Dr. Çetin, “İran, geçmişte defalarca İsrail’e karşı doğrudan eylemlerde bulunmuştu. Ancak yakın dönemde, İran’ın imajını düzeltmek amacıyla bir yanıt vermesi kaçınılmaz olacaktır. Önceki saldırılarında İHA’lar kullanmıştı fakat bu eylemler, İran’ın uluslararası arenadaki imajını olumsuz etkiledi. İran, yalnızca bir yanıt vermek amacıyla karşı saldırıya geçiyor ve bu nedenle ciddi anlamda bir bölgesel savaşa dönüşeceğini düşünmüyorum.”
Çetin, şartların henüz olgunlaşmadığına dikkat çekerek, “İran’ın vereceği yanıt, Rusya’nın onaylayacağı ölçüde olacaktır.” ifadesini kullandı ve Tel Aviv ile Moskova arasındaki derin ilişkilere vurgu yaptı. ABD’nin İsrail’i Ortadoğu’daki varlığının temel taşlarından biri olarak gördüğünü belirten Çetin, “Washington, İsrail’e yönelik herhangi bir saldırıyı göğüsleyecek güçte olduğunu sürekli olarak gösteriyor. Ancak, Ortadoğu’daki Amerikan hegemonyasının çok kutuplu dünya sisteminde her geçen gün azaldığını gözlemliyoruz.” dedi.
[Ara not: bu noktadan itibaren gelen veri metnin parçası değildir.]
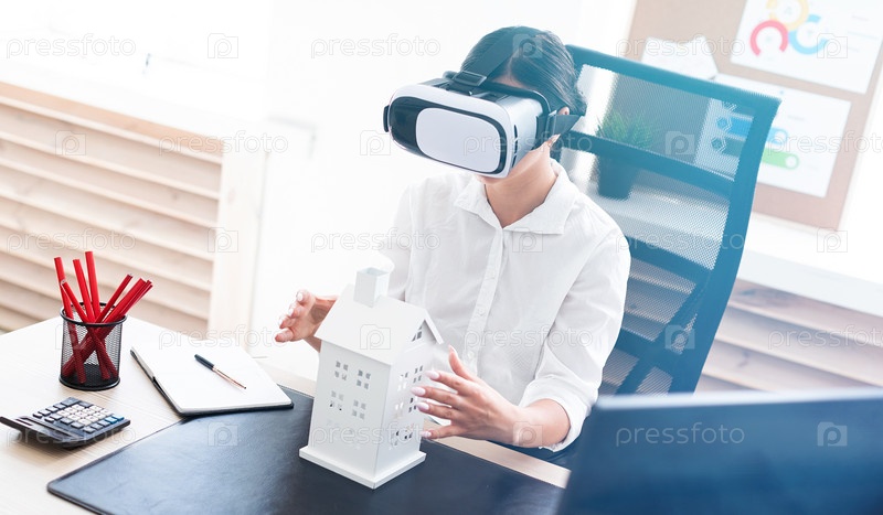 Молодая девушка сидит в очках виртуальной реальности. Перед ней на столе план дома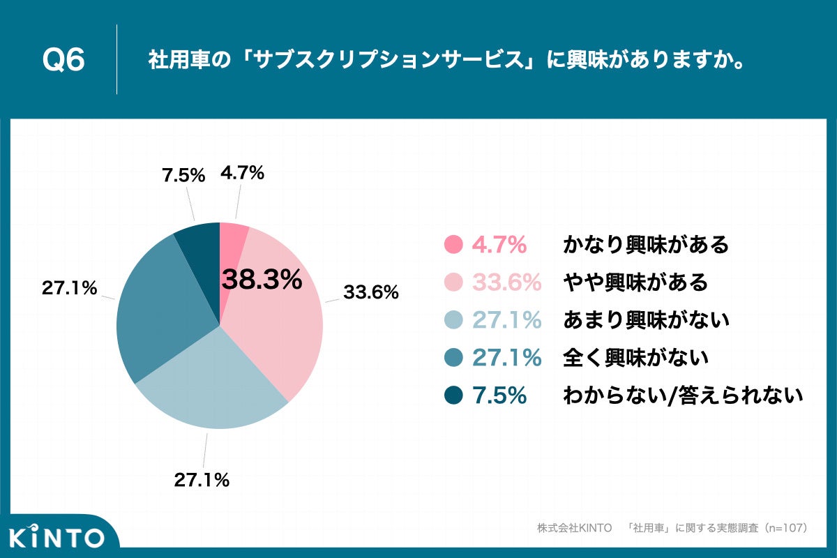 社用車の「サブスクリプション」について概要を説明したうえで、「Q6.社用車の「サブスクリプション」に興味がありますか。」と質問したところ、「かなり興味がある」が4.7%、「やや興味がある」が33.6%と、「興味がある」があわせて約4割を占める結果となりました。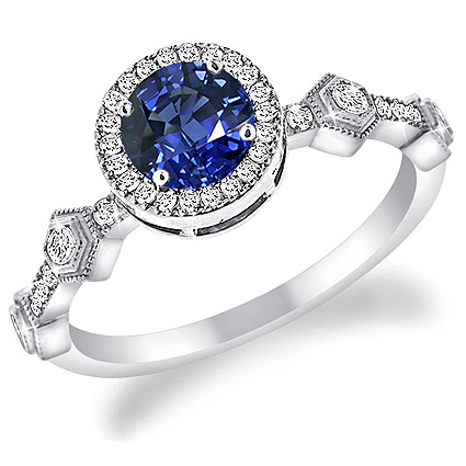 1 Carat Sapphire and Round Diamonds Total to 0.40 Carats.

Çetin, ayrıca İsrail’in, İran’dan gelebilecek bir saldırıyı hızlıca karşılayacak teknolojik ve askeri kapasitesine sahip olduğunu hatırlatarak, “İsrail, Basra Körfezi’nden Hürmüz Boğazı’na, oradan Kızıldeniz ve Akdeniz’e kadar çeşitli senaryolar geliştirmiş durumda.” yorumunu yaptı.
Ortadoğu’daki gerilimlerin Türkiye üzerinde doğrudan ve olumsuz etkileri olabileceğini belirten Çetin, “Türkiye, bölgede en az Putin kadar dengeli bir dış politika izlemelidir.” şeklinde konuştu. Yeni bir çatışmanın Türkiye’yi zorlayacağını ifade eden Çetin, “Türkiye’nin bölgedeki askeri, toplumsal ve siyasi gücü oldukça caydırıcıdır. Ancak olası bir İsrail-İran çatışması, yalnızca kitlesel göç hareketlerine neden olmakla kalmayacak, aynı zamanda Türkiye’nin ulusal güvenliğini de tehdit eder.”
Çetin, bu tür bir savaşın Türkiye’nin güneyindeki terör unsurlarına cesaret verebileceğini ve bu unsurların hegemonik güçler tarafından Türkiye’ye karşı kullanılabileceğini belirtti. “Bu nedenle Türkiye, daha temkinli ve uzlaşmacı bir dış politika izlemeli, tüm taraflarla diyalog kurabilme yeteneğini korumalıdır.” değerlendirmesinde bulundu.